Neuroscience advancement initiative

The Decade of the Mind Project was an international initiative to advance scientific understanding of how the mind and complex behaviors are related to the activity of human brains. The problem of explaining the mind is so complex as to require "big science" to make real progress. The effort stemmed from concerns in the scientific community that mind research (as opposed to simply brain research) had received inadequate support relative to its importance in human lives. The Project began with James L. Olds, the director of the Krasnow Institute for Advanced Study, convening of a conference of leading US scientists at George Mason University in May 2007 which led to The Decade of the Mind Manifesto, published as a letter to the editor in Science. The Manifesto called for a new $4B US investment in research across the many disciplines of mind research over the decade from 2012 to 2022. Since the May 2007 meeting, the Decade of the Mind Project has held several other conferences across the United States and has been internationalized with a conference in Berlin, Germany, in September 2009 and a conference in Singapore in October 2010. The conference in Berlin, Germany, organised by Professor Manfred Spitzer, focused on the impact of this project on education, where they reported that this project could see improved educational outcomes, particularly in STEM disciplines (science, technology, engineering, and mathematics). Around a year after this, they held a conference in Singapore in October 2010, organized by the Singapore Ministry of Defense, which was centered on the concept of applying the knowledge of human minds to both machines and the augmented cognition for human beings. The effort eventually was subsumed into the Obama Administration's BRAIN Initiative.

==Background==
During the 1990s US president George Herbert Walker Bush declared a decade of research to center on neuroscience. The resulting Decade of the Brain was a well publicized inter-US agency initiative that responded to the declaration. The two lead federal agencies in that initiative were the Library of Congress and the National Institute of Mental Health (part of the larger National Institutes of Health). Although the initiative did not receive the level of funding as the Human Genome Project, it did serve to catalyze significant advances in our understanding of the brain particularly in the context of brain diseases. The Decade of the Brain project was followed in 2001 by a Decade of Behavior Project that also attempted to bring together scientists, this time to understand how human behavior emerges.

==A new decade project==
More recent advances in brain research, in combination with the scientific consensus that mind indeed emerges as a result of the activities of the brain, has led to the notion of a new "Decade" project, one dedicated to understanding the phenomenon of mind within the context of neuroscience and psychology. In May 2007, a group of scientists met at George Mason University's Krasnow Institute for Advanced Study to map out a roadmap for the Initiative. The starting point was the earlier Decade of the Brain project Decade of the Mind Videos - Think. Learn. Succeed - George Mason University. The Decade of the Mind project sought as much as $4 billion in federal support over the course of the ten-year-long initiative. The goal was to use the new federal support to jump start advances in our scientific understanding of mind as well as to use that same research to serve as an economic engine for the United States. From an international perspective, the Decade of the Mind project sought to involve scientists from across the globe in this effort, not only to improve the public health, but also to create new jobs from the new technologies developed under the Project.

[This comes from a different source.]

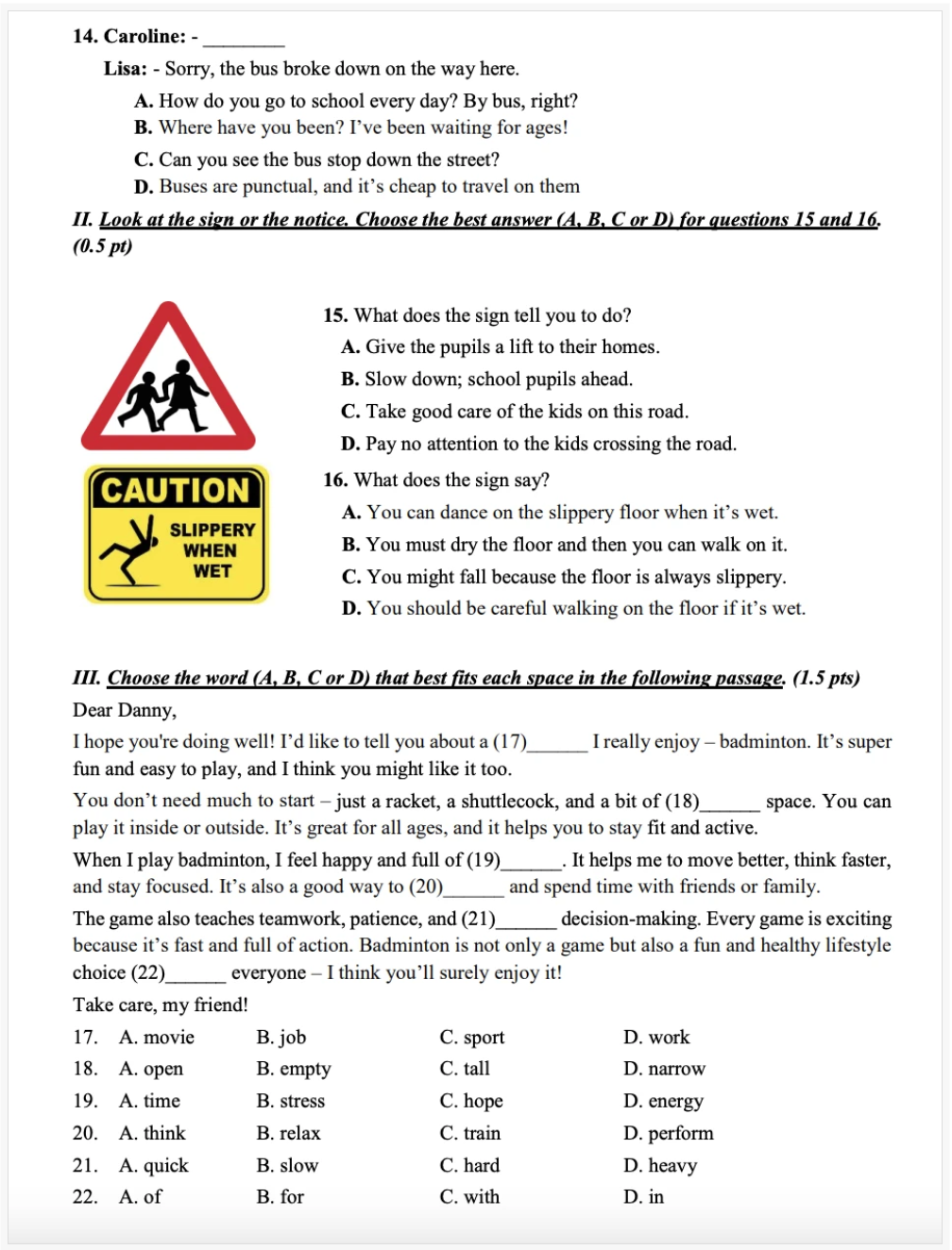 Môn thi cuối cùng là Tiếng Anh, thí sinh làm bài trong 90 phút. Đề thi có 40 câu, kiểm tra ngữ âm, từ vựng, ngữ pháp, đọc hiểu, viết, giao tiếp.

The Decade of the Mind initiative, by necessity, was trans-disciplinary and multi-agency in its approach. Success required research that reached across disparate fields such as cognitive science, medicine, neuroscience, psychology, mathematics, engineering, neurotechnology and computer science. Additional important insights needed to come from areas as diverse as systems biology, cultural anthropology, social science, robotics, and automation technology. For these reasons, the Decade of the Mind initiative focused on these four broad areas:

1. Healing and protecting the mind: This is the notion of improving the public health by ameliorating or curing diseases of the brain that affect the mind. An example of such a disease is Alzheimer's disease. Reducing the burden of such diseases would be a major deliverable for the Project.
2. Understanding the mind: This aspect of the initiative seeks to understand how the mind actually emerges from brain functional activity. Some of the key characteristics of the mind which are still not understood include consciousness, memory and dreams. The mystery of the mind remains one of the biggest scientific challenges for this and future generations.
3. Enriching the mind: Improving learning outcomes in education is a key component of the initiative. Here the hope is that advances in neuroscience research can be applied to K-20 schooling to create a more educated future workforce better able to compete for quality jobs.
4. Modeling the mind: A key approach to understanding the mind is to model it either analytically or using computers. Such models of mind may facilitate the creation of new hypotheses which can then be tested in the laboratory or clinic. Modeling the mind may also allow for the creation of new applications, technologies and inventions.

==The first Decade of the Mind symposium==
The Decade of the Mind symposium was well-covered by the news media and led to a manifesto that was published in the journal Science authored by the symposium participants.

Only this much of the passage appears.